Memes vs. Modules

I have been studying a bit on the area of brain science, much of which explores the idea that human consciousness is best understood as a piece of software. A good example is Daniel C. Dennett’s book Breaking the Spell: Religion as a Natural Phenomenon. Dennett lays out a theory that religion is a meme, basically a self-replicating idea which propagates in human culture in a manner similar to a gene. Dennett thinks that human consciousness can best be thought of as a collection of memes. This idea was first proposed (at least so far as I know) by Richard Dawkins’s seminal work The Selfish Gene.

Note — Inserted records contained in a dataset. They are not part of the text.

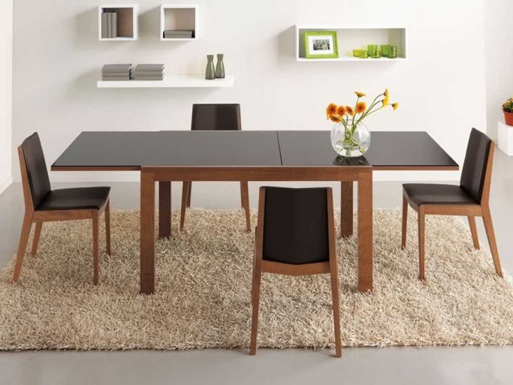 - Прямоугольная столешница считается оптимальным решением и отлично вписывается как в современные, так в классические стили интерьера. Такие столы актуальны для использования, как в просторных, так и в небольших помещениях. В собранном состоянии они могут уместить до 6 человек, а в разложенном – все 12, что очень удобно для больших компаний.
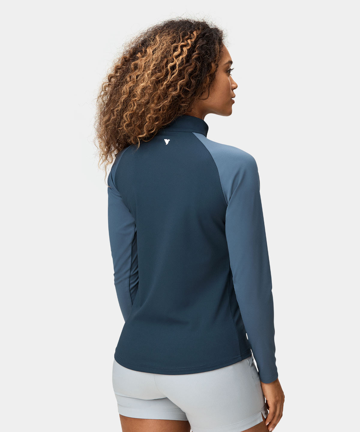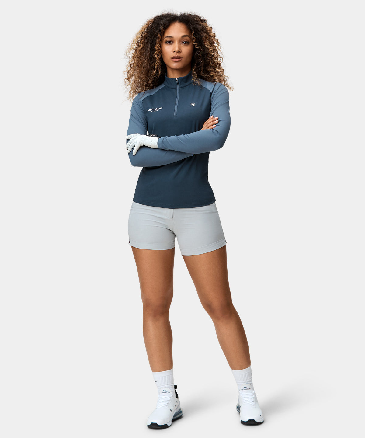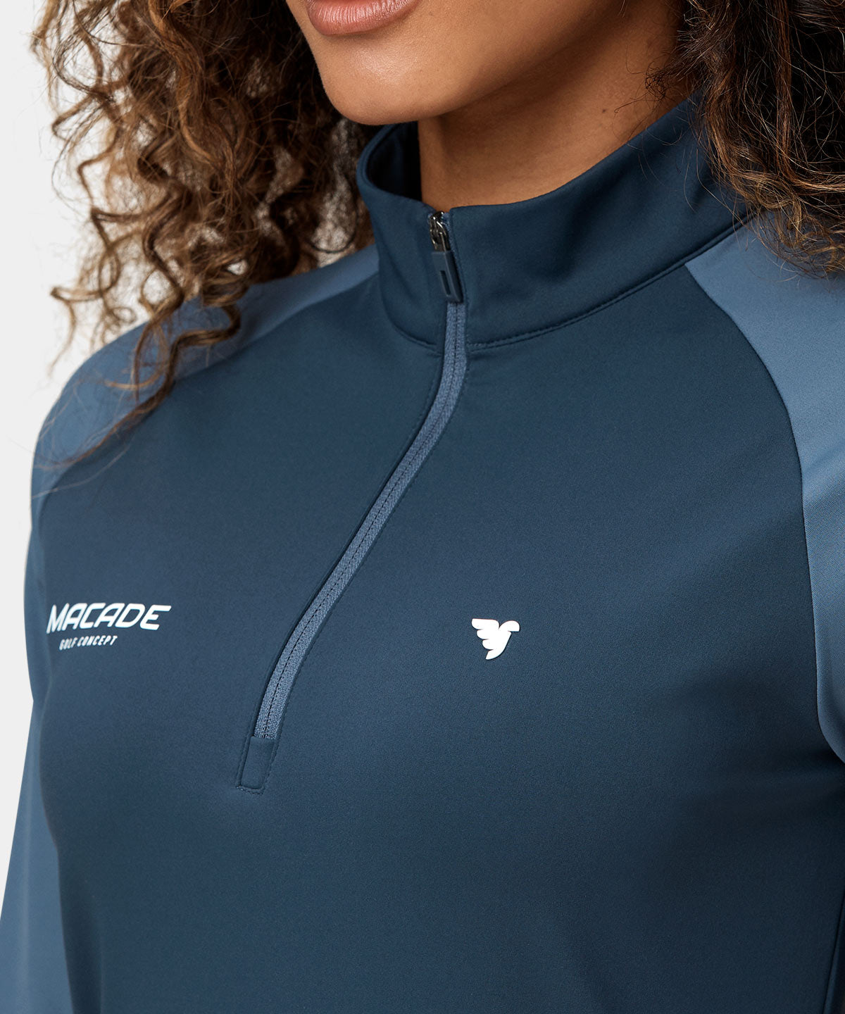 En solklar favorit denna sommar! Denna blå zip-tröja med låg ståkrage är tillverkad i ett bekvämt och följsamt material. Ärmarna är sydda i raglanmodell vilket ger en angenäm rörelsefrihet. En överdragströja som fungerar utmärkt både på och utanför banan.
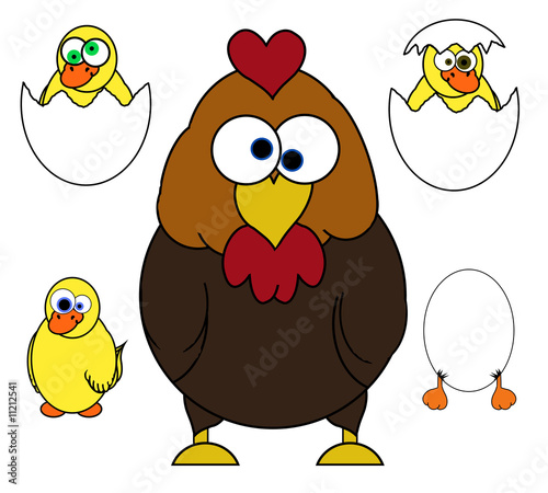 © Kevkel, Fototapeta premium Poultry Cartoon Set - Isolated On White
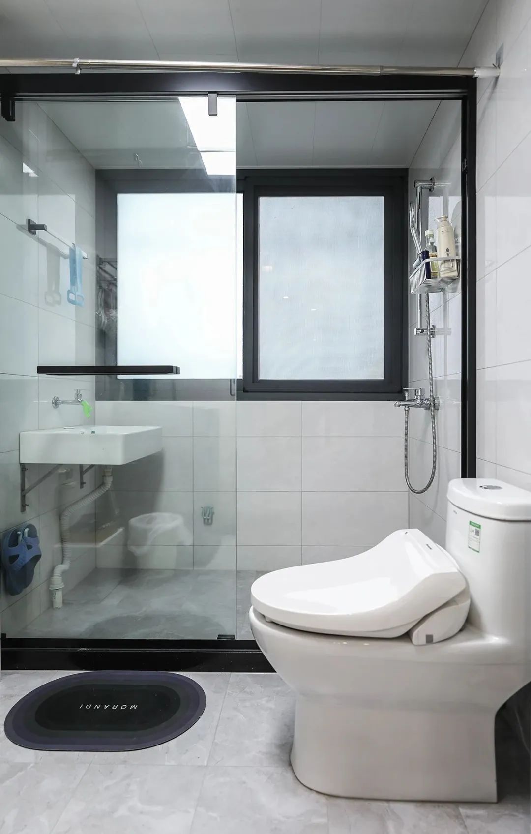 衛生間設計采用簡約而時尚的風格,整體色調以白色和灰色為主,追求清新整潔的感覺。淺灰色的墻磚與白色的馬桶和洗手臺相得益彰,增強了空間的層次感。
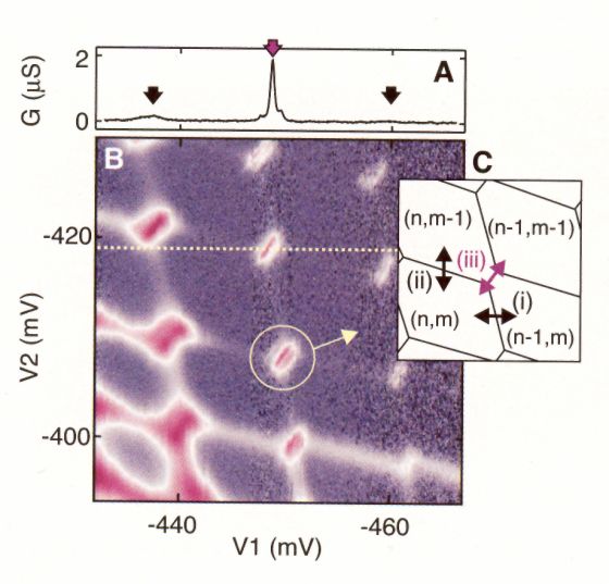 More Detail >>This diagram examines the differential conductance from source to drain as a function of the voltages at the two coupling electrodes. Each hexagonal cell represents a charge configuration with n electrons on dot 1 and m electrons on dot 2. A major effect the graph is intended to illustrate is the pronounced resonance produced by the exchange of two electrons in the coupling between configurations (n,m) and (n-1,m-1).
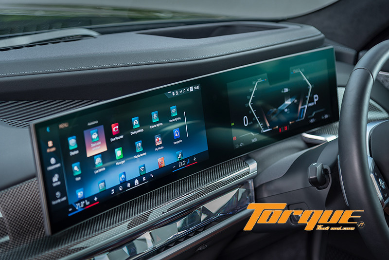 จอแสดงผลทรงโค้ง ‘BMW Curved Display’ ประกอบด้วยจอขนาด 12.3 นิ้ว สำหรับผู้ขับขี่ และจอส่วนกลางขนาด 14.9 นิ้ว ระบบสัมผัส ออกแบบกราฟฟิกและอินเตอร์เฟซของเมนูต่างๆ ให้ใกล้เคียงกับที่เรามักเห็นอยู่ในสมาร์ตโฟนจึงสามารถเข้าใจและใช้งานได้ง่ายยิ่งขึ้น ความคมชัดของภาพและสีสันอยู่ในระดับสูงมาก ทั้งยังสามารถปรับแต่งการแสดงผลได้หลากหลายอีกด้วย
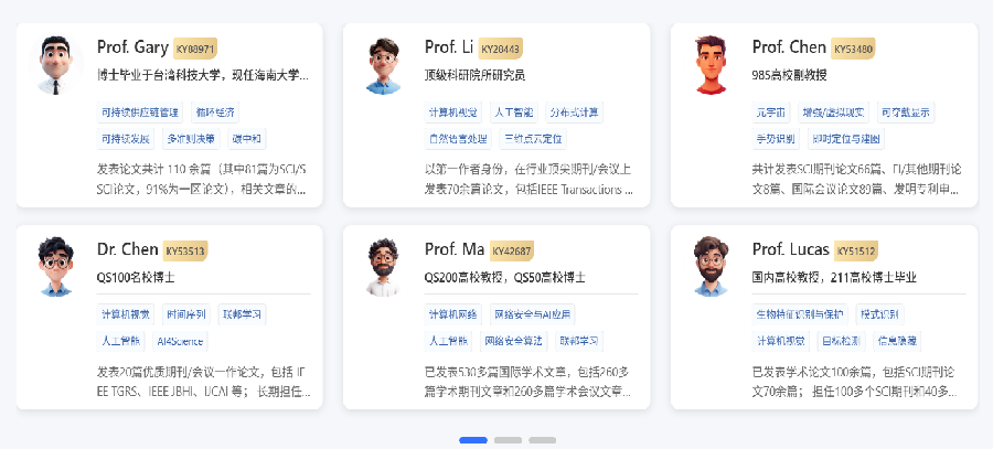 一段话简介:艾思云课堂导师团队来自艾思科蓝全球智库平台,平台汇聚国内外知名智库专家,涵盖全学科各领域一线学者。根据学员的基础与需求,利用大数据为专家学者智能分配科研任务,解决学员科研问题,提升科研能力。
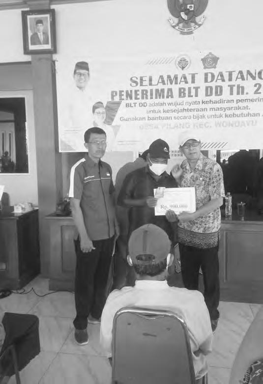 Santunan bersumber anggaran dana desa kepada 114 keluarga penerima manfaat (KPM) terdampak pandemi coviditu berupa bantuan langsung tunai dana desa (BLT–DD).
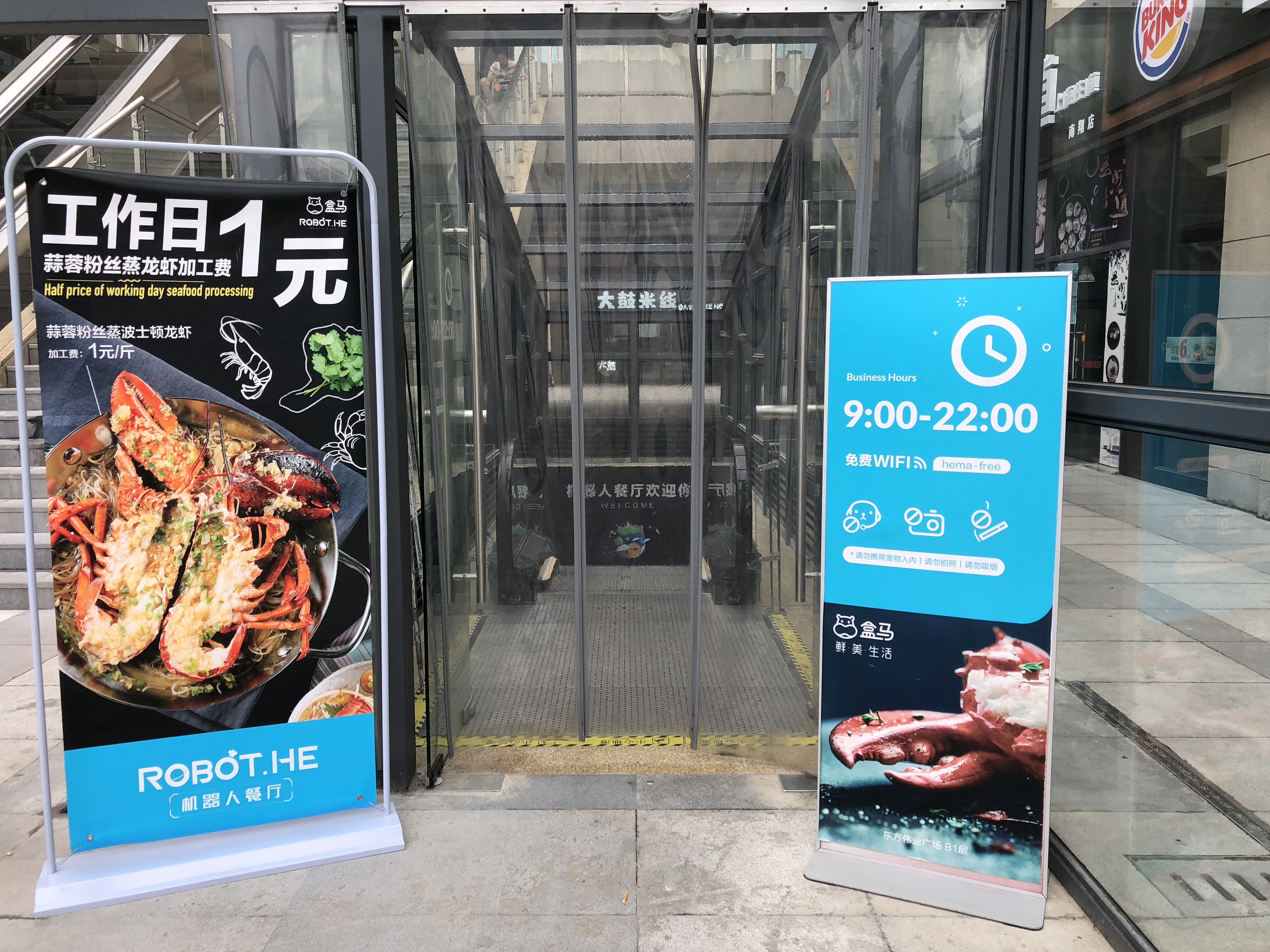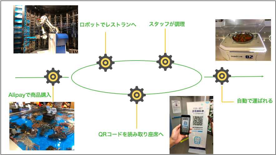 購入したロブスターとカニが自動ロボットにより横のレストランに運ばれる。レストランに入るときにAlipayのアプリで入り口にあるQRコードをスキャンし表示された座席に向かうと、座席にあるモニターには先ほど購入したロブスター達が調理中という表示になっていた。数分後には回転寿司と同じように料理がレーンに乗って自動で座席に到着。
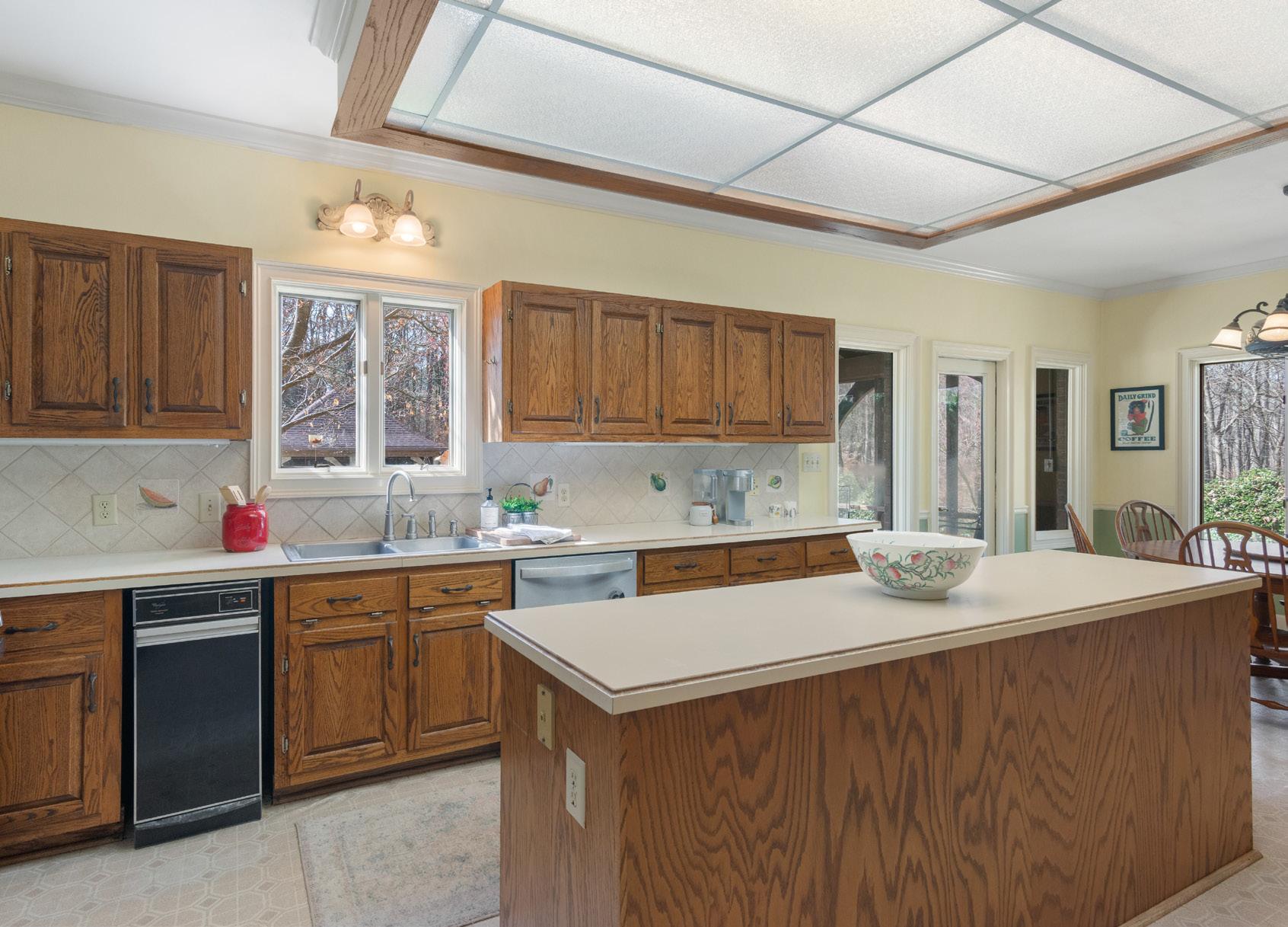 The separate wing includes a charming 2-bed, 2-bath in-law suite complete with its own full kitchen, breakfast area, living room, a screened porch, and convenient access to the expansive daylight terrace level.
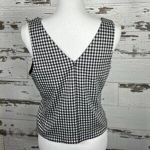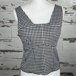 This top fits close to the body inspired by a corset inspired fit in an white and black gingham print; cropped top has quality construction including empire seaming at the bust and quality black fabric lining. Wear it with CAbi’s Bombshell Crop and a creative shoe or belt for a huge variety of styling. This is bra friendly and hits at the true waist or slightly above. Complete with a back styled detailing low cut v neckline. Approx 17" armpit to armpit, 20" shoulder seam to hem. Worn once or twice; in excellent condition.
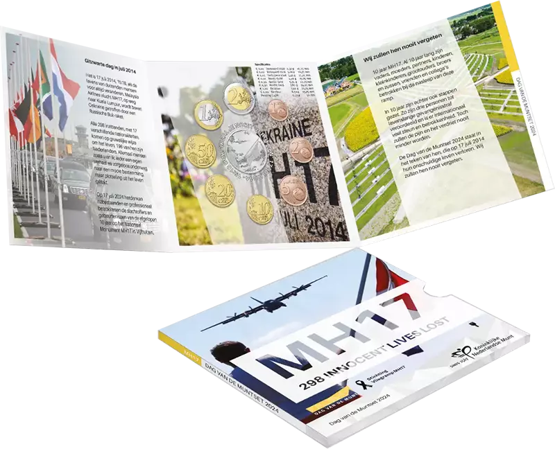 La catastrophe aérienne du vol MH17 remonte déjà à 10 ans en 2024, mais elle est toujours d'actualité. Les proches des victimes continuent de se battre pour que justice soit faite. Des mesures ont déjà été prises dans ce sens, mais la douleur et le chagrin ne s'atténueront jamais. Le coffret de la Journée de la Monnaie 2024 est donc dédiée à ceux qui ont perdu la vie de manière innocente le 17 juillet 2014.
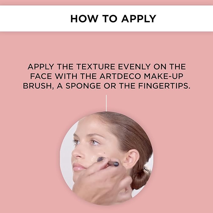 • APPLICATION: After applying day cream, use an ARTDECO makeup brush, sponge, or your fingertips to apply an even layer of the foundation to the face. Please note: The UV filters in this product do not provide sufficient sun protection. Please use additional protection in strong sunlight.
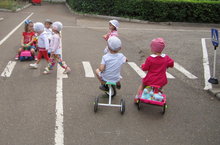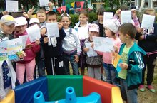 В рамках проведения Всероссийской акции по безопасности дорожного движения "Внимание, дети!" На базе МБДОУ № 9 "Садко" прошла городская акция "Возьми ребенка за руку!". Наши воспитанники продолжали участие в этой акции и передали трафарет первоклассникам СОШ № 1 для нанесения в жилом квартале около своей школы.
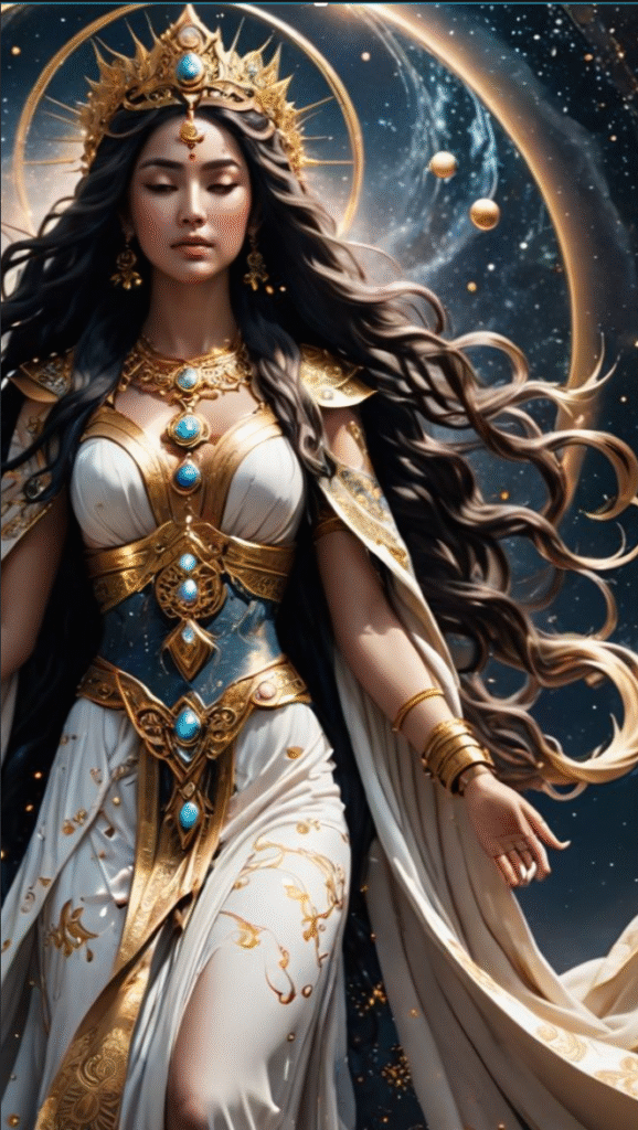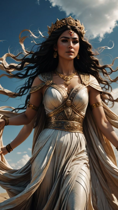 物と衣服の生産を司る女神。文明社会における文化的被膜社会的な秩序の基本的な枠組みを確立する機能。
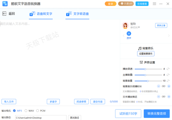 酷软文字语音转换器同样支持文字语音互转,它支持的语音类型更多,细分了客服、阅读、资讯、方言、外语等多种场景,除了可以自由调控语音朗读的语速,音量,添加背景音乐外,而且可以识别多音字,添加朗读语音停顿,非常好用。
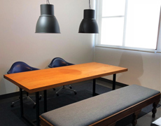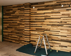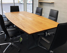 江部松商事様 間伐材モザイク壁と机を納品しました。

I find that I do not agree entirely with Dennett’s analysis, though. Based upon my own experience, I still believe that the cultural phenomenon we refer to as religion has a genetic basis. I call this basis the Faith Module. I refer to the units of design within human consciousness as modules, and some of these modules (the Instinctive Modules) have a genetic basis. One of these, I believe, is the Faith Module.

In my own personal experience, my Faith Module fired, big time, when I was 28 years old. Prior to this point in my life, I had dabbled a bit in religion, largely as a result of influence from my wife at the time. But I regarded religion as a social club. I did not take any of the ideas of religion any more seriously than I took  the science fiction books which I loved to read at the time.

Until my mid-twenties, I had a serious case of what psychology calls infantile omnipotence. This is the idea that I am invincible. Then a series of traumas hit me. The first trauma was my daughter who was diagnosed as autistic at the age of 4 (although she had been an undiagnosed autistic for two years). This was followed by the death of my sister who committed suicide at the age of 28 (when I was 26).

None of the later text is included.